### TASK OBJECTIVE
Beginning with the line that contains "细数今年上半年,习近平夙夜在", retype the entries below exactly, ending with the line that contains "特斯拉进入江苏省政府用车采购目录,SUV采购限价25万元". Leave out any pictures.

### MATERIAL FOR THIS EXERCISE

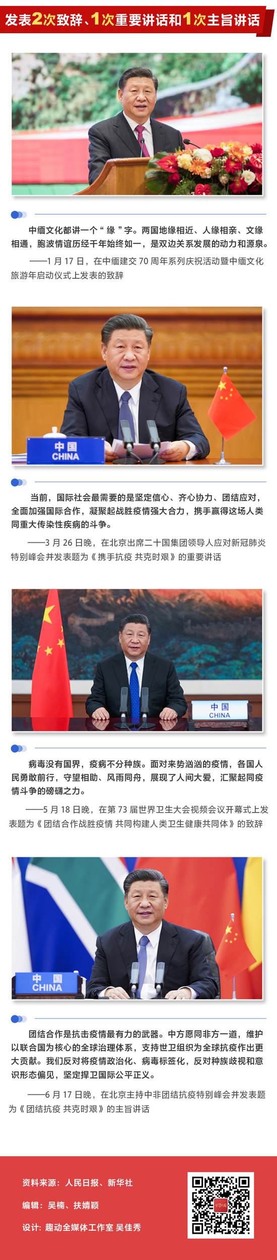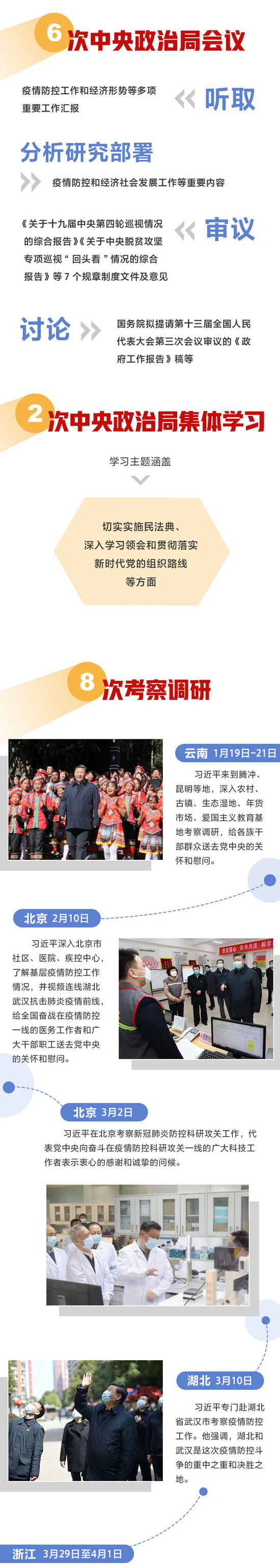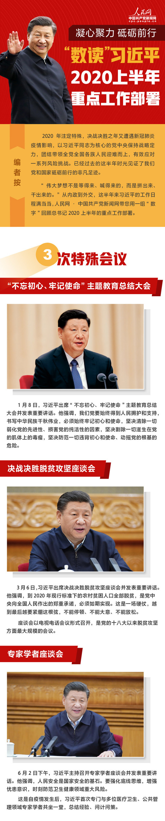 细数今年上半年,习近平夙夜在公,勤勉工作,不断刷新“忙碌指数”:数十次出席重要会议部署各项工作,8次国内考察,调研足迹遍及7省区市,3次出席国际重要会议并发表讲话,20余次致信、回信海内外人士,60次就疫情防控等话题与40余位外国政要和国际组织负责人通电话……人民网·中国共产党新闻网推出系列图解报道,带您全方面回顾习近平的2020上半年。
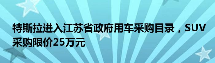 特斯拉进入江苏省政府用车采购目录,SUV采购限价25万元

---

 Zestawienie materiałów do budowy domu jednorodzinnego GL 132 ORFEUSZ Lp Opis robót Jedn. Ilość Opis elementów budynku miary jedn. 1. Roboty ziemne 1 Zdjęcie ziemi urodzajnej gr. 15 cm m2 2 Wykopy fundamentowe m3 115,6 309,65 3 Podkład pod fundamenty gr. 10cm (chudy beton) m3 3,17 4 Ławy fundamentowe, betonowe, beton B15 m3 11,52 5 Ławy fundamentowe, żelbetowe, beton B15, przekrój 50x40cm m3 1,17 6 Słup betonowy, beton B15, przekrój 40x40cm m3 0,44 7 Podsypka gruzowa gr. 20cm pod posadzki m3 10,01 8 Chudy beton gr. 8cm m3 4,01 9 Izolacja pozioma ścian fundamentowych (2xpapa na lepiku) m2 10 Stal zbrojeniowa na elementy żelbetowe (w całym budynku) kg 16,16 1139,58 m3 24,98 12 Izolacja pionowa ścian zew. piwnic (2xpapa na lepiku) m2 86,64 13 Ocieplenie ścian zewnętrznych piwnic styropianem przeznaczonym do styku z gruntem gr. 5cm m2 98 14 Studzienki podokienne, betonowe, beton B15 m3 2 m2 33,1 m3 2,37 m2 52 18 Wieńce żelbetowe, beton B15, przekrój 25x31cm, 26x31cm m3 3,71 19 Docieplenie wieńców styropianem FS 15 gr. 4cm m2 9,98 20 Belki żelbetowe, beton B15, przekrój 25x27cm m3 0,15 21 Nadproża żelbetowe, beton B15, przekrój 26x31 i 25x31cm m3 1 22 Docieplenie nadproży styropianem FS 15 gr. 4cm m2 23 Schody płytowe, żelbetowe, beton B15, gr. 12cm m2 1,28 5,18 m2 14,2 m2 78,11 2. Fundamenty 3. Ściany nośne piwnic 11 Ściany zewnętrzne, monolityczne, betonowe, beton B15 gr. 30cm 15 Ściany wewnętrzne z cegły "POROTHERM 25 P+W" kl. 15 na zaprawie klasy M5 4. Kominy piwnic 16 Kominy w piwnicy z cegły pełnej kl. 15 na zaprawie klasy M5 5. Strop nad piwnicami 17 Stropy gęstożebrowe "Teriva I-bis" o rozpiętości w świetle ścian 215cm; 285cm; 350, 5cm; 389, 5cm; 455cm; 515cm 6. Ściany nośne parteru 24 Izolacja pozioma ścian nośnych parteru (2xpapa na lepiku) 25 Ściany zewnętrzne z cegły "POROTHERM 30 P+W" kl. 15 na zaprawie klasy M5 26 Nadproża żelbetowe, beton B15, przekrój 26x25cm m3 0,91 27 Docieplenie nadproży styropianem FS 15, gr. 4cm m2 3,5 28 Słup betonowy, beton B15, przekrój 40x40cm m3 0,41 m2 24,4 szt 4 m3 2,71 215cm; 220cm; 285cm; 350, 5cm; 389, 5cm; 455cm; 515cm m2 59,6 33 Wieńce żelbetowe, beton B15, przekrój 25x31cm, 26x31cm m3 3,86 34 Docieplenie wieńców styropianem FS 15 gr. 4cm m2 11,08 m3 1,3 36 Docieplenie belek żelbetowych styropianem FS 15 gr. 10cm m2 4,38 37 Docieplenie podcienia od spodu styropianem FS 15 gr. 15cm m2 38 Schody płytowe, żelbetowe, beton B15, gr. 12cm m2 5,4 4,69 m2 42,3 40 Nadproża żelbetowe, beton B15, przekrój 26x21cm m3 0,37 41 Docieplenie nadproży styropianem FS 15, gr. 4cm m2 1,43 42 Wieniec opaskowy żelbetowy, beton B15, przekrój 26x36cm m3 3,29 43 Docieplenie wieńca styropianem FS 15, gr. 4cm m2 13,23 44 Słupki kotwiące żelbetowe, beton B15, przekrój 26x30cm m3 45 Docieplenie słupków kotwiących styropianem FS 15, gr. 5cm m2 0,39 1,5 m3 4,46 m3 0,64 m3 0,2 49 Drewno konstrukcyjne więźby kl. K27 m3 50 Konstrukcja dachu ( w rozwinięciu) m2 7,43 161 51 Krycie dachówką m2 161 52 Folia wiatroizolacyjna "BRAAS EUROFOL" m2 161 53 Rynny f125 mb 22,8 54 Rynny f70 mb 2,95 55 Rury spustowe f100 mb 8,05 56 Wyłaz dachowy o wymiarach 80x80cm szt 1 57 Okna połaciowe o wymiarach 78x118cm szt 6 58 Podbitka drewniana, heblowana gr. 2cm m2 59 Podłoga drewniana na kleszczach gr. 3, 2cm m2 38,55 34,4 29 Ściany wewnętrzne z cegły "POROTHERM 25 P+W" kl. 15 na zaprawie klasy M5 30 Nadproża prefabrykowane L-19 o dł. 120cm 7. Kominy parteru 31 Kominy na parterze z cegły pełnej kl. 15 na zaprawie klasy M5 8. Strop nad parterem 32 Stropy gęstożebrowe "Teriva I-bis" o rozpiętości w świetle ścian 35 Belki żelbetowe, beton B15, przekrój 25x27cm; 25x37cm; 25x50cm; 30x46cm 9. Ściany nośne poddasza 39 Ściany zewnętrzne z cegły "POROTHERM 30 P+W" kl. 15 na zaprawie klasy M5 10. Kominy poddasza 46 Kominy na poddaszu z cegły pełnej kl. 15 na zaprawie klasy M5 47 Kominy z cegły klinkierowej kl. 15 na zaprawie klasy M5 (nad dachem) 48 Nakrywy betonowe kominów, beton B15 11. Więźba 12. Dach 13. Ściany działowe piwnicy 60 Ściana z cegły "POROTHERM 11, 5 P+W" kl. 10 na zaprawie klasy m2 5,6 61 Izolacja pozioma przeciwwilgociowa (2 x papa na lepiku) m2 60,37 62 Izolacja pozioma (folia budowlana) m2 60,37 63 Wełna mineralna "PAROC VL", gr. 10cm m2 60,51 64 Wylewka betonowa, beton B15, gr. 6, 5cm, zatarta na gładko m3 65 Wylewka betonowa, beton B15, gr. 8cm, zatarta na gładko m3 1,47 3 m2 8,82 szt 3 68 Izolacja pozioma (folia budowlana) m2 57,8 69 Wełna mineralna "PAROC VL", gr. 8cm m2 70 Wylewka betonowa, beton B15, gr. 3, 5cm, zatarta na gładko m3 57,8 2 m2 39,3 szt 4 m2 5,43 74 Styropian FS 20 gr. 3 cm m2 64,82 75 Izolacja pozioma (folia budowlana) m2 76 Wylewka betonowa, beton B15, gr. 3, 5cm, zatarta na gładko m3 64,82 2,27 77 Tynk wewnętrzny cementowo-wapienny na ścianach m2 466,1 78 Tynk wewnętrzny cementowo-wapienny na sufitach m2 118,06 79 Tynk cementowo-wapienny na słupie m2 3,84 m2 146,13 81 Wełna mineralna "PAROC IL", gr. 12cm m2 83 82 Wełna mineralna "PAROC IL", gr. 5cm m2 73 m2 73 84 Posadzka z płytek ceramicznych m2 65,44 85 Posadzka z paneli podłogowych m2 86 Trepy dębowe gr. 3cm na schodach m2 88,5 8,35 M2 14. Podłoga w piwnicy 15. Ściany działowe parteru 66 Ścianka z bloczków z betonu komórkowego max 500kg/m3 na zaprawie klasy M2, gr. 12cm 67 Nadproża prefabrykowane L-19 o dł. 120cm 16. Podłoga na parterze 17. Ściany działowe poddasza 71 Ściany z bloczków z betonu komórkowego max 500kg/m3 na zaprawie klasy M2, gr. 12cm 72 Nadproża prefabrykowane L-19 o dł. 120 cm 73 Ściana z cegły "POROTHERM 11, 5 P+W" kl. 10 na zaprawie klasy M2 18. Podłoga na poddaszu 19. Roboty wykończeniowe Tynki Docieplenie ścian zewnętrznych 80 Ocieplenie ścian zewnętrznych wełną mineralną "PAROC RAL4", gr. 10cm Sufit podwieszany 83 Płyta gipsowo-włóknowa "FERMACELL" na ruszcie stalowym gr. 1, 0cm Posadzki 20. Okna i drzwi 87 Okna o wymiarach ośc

### EXERCISE RESPONSE
 细数今年上半年,习近平夙夜在公,勤勉工作,不断刷新“忙碌指数”:数十次出席重要会议部署各项工作,8次国内考察,调研足迹遍及7省区市,3次出席国际重要会议并发表讲话,20余次致信、回信海内外人士,60次就疫情防控等话题与40余位外国政要和国际组织负责人通电话……人民网·中国共产党新闻网推出系列图解报道,带您全方面回顾习近平的2020上半年。
 特斯拉进入江苏省政府用车采购目录,SUV采购限价25万元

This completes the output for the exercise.